The baritone ukulele uses chord shapes that are identical to GCEA uke. They are also very similar to guitar, just missing the two top strings.

My acclaimed Ukulele Chord Shapes reference book has been adjusted for DGBE tuning. In my opinion, it’s one of the most musical ways to learn chords – certainly for baritone tuning since you’re already moving a lot of stuff from GCEA.

EBOOK version

Baritone DGBE tuning

  • Learn 2,268 chords
  • Easy chord theory
  • 61 page PDF
There are two versions of ʻUkulele Chord Shapes!

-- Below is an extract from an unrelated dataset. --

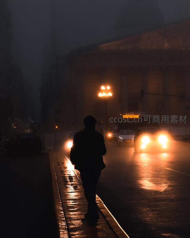 雨后湿漉的街道上,行人背对镜头缓步前行,远处车灯与路灯在浓雾中晕染出温暖光斑,古典建筑轮廓若隐若现,营造静谧而略带忧郁的都市夜色。

This link goes to the DGBE version, but if you poke around for more info and leave this page, make sure you don’t end up buying the GCEA edition.

Transposing Chords

If you are studying baritone on its own, you’ll have a much easier time learning these shapes than if you also play standard ukulele chords. I find that having the same shapes in both tunings is incredibly confusing.

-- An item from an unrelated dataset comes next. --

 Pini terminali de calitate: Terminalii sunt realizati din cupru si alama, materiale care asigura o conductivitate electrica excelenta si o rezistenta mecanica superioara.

However, if you’re able to transpose the key of the song in your mind and think of your I IV V shapes instead of the actual chord names, you’ll probably have an easier time.

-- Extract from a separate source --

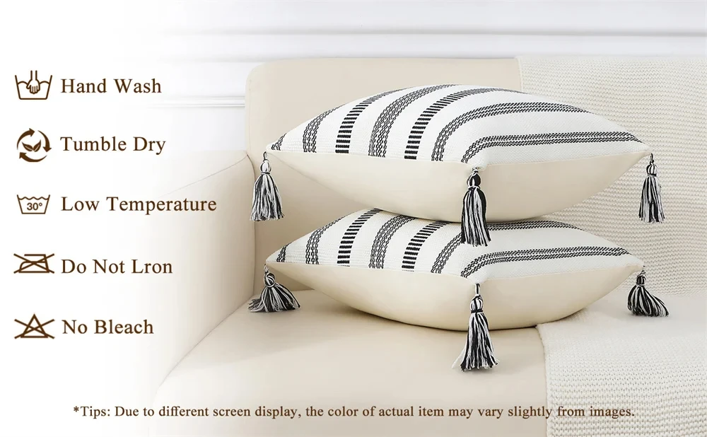 Simply hand wash this pillow cover, you can also machine wash cold separately, gentle cycle and tumble dry low, No Bleach

GCEA chords are a perfect 4th higher than baritone chords. This means that a baritone C major is an F major on GCEA uke. Here’s a reference chart:

Baritone to Standard

C     -> F
C#/D# -> F#/Gb
D     -> G
D#/Eb -> G#/Ab
E     -> A
F     -> A#/Bb
F#/Gb -> B
G     -> C
G#/Ab -> C#/Db
A     -> D
A#/Bb -> D#/Eb
B     -> E

If all you have are GCEA uke chords for reference, you can also convert backwards and move up a 5th or down a 4th:

Standard GCEA to Baritone

C     -> G
C#/D# -> G#/Ab
D     -> A
D#/Eb -> A#/Bb
E     -> B
F     -> C
F#/Gb -> C#/Db
G     -> D
G#/Ab -> D#/Eb
A     -> E
A#/Bb -> F
B     -> F#/Gb
This can be simplified and memorized with BEAD-GCF. BEAD-GCF is simply the pattern of 4th intervals through the natural notes. Read backwards it is a pattern of 5ths. Going up, using the first two letters (BE), it can be simply thought of as: a B on the baritone looks the same as the following chord – E – on standard GCEA uke. Going down, it would simply be the reverse: an E on standard GCEA looks the same as a B on baritone. The pattern does repeat from end to beginning, but a 4th from F is Bb, not B. So the whole line would be shifted down by a flat. F on baritone looks like Bb on GCEA. Mahalo to ubulele for the tip.